FOR MORE ON DOMESTIC TERRORISM IN AMERICA:
A new forum on Guantánamo Bay at the Boston Review website may be of significant interest to you. With fresh news from the Obama administration about its closing, this forum should be of particular interest to you.
We have assembled some of the top legal scholars on the issue to debate and discuss the closing of Guantánamo Bay. Below is a description of the forum that you could use on your blog if you’d like. All of the articles can be found at bostonreview.net/cole
The Boston Review website now features a forum on the prospects and problems of closing Guantánamo Bay. In the lead article, David Cole, Nation legal affairs correspondent and Georgetown law professor, argues for a surprisingly middle of the road position, acknowledging both the need to stop ongoing abuses and maintain flexibility in the fight against al Qaeda and other threats. Cole’s approach permits preventive detention, but restricts it to a limited class of enemy fighters—not extending it to “suspected terrorists.” This policy is, he says, “sensitive to both security and liberty.”

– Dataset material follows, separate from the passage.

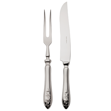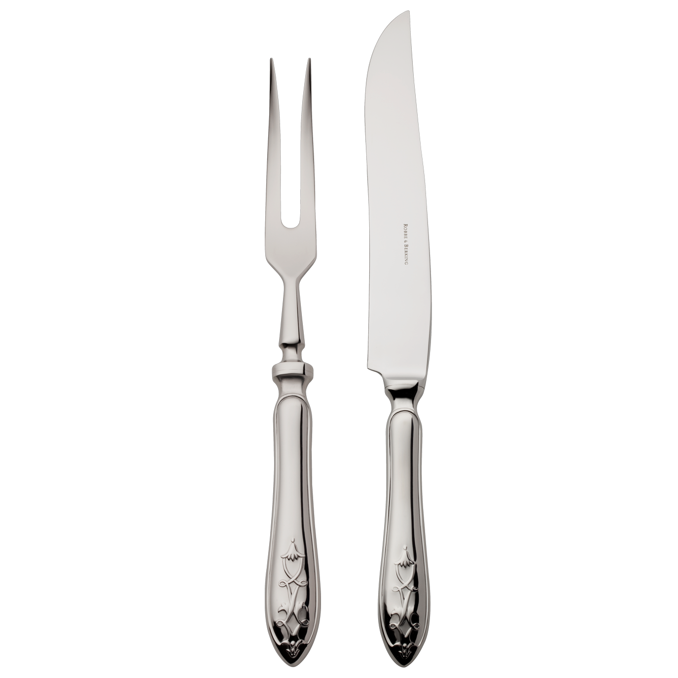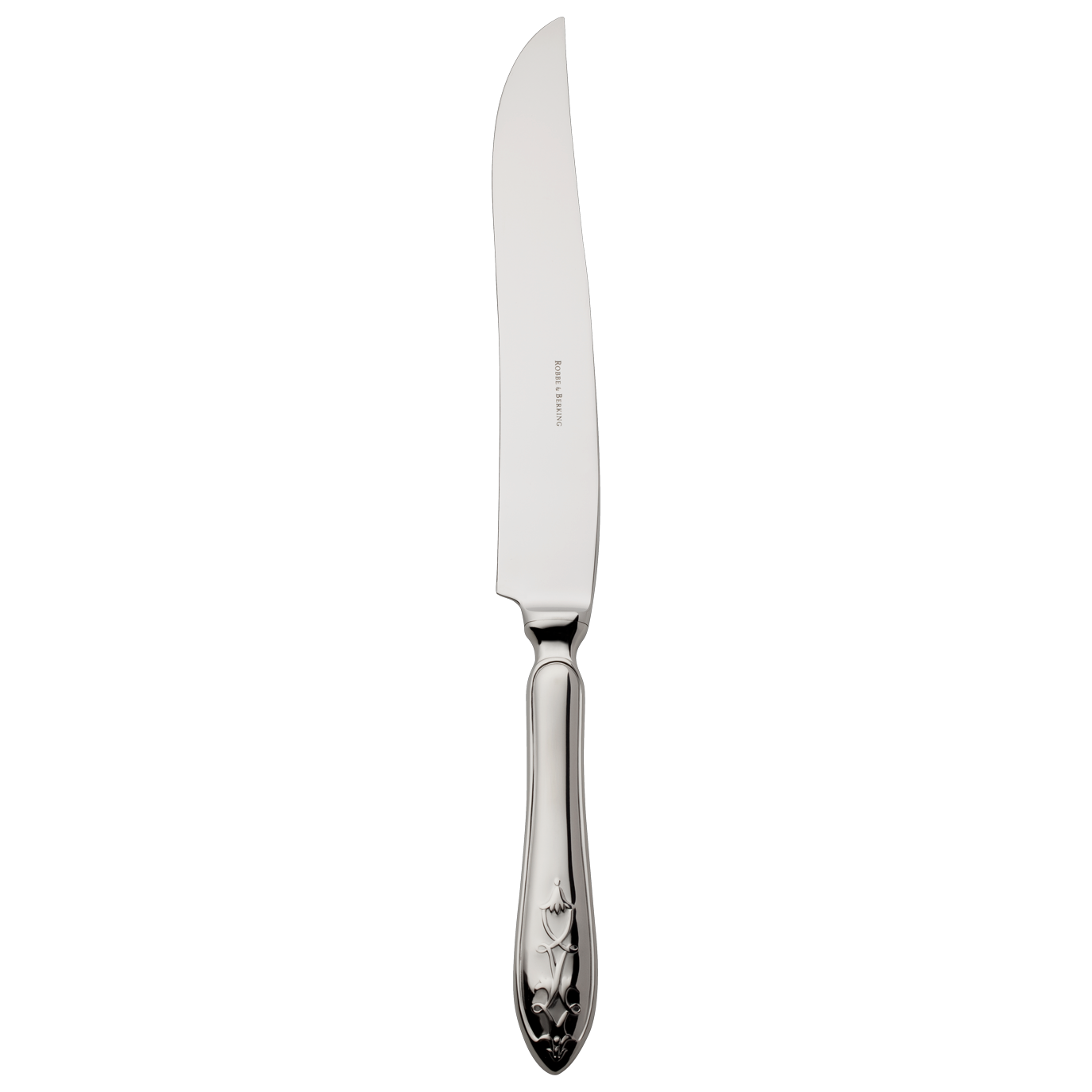 Delight in the captivating charm of Jardin stainless steel cutlery, featuring gracefully curved lily-shaped handles adorned with intricate floral motifs. Designed for Robbe & Berking by the visionary Robert Berking, this collection harmoniously merges elegance and nature, creating a captivating aesthetic.

The forum also features three responses to Cole’s proposal. Joanne Mariner, director of Human Rights Watch’s Terrorism and Counterterrorism Program, rejects preventive detention and suggests some alternatives. Eric Posner, professor of law at the University of Chicago, criticizes the limited scope of Cole’s approach to detention and attempts to justify the restriction on civil liberties by the Bush administration. Finally, Robert Chesney, professor of law at Wake Forest University, agrees philosophically with that Cole proposes but criticizes Cole’s legal method for tackling the issue.
Read it all on bostonreview.net .
The Boston Review dedicates itself to providing informative, relevant content. We hope that your blog is interested in this forum on Guantánamo Bay. Please let us know if you have any questions.
Boston Review Editorial Assistant
great article..this needs to stop and if there is a group that can do it i know its the ACLU group...
It would be great if a sign made Obama do what is right, but it's not going to happen. Even if Guantanamo is one day closed, the same prisoners (and- of course - new ones) will be transferred to the same place with a different location and name.
Dear Mr. President.
Don't close Guantanamo. Not yet.
Granted, there have been horrible abuses against the prisoners there, but those, hopefully, have stopped. And it's been a grossly inefficient institution, costing $60,000,000 per year to operate, and with 2200 employed to run the facility housing 248 inmates, that makes it approximately nine service personnel at a cost of over $240,000 per year per prisoner,
Don't close it - reform it.
Either a prisoner is charged with a crime and gets his day in court, represented by competent and well prepared legal counsel, or he is set free. Immediately. Already 500 prisoners who had been held without being charged with any crime have been released, some after as many as six years of confinement and often torture. For those others who have never been charged with any crime and won't be, some will find going home to be impossible, facing death or torture there. With the help of the UN, it should be possible to find them safe haven. Others will have family and friends waiting for them. There's no reason the release process should not take more than a few weeks.
For those who have committed verifiable acts of terror, approximately 50 to 80 individuals, try them and if convicted, they serve their sentences in a reformed, downsized, efficiently run, Guantanamo prison. Not the ugly torture chamber of the Bush years. Then shut it down when the last convict has served his sentence.
I am ashamed of these illegal detentions, they are a disgrace to my country. I will be watching closely to see how this situation is resolved and take hope in the promises of the next administration to do so.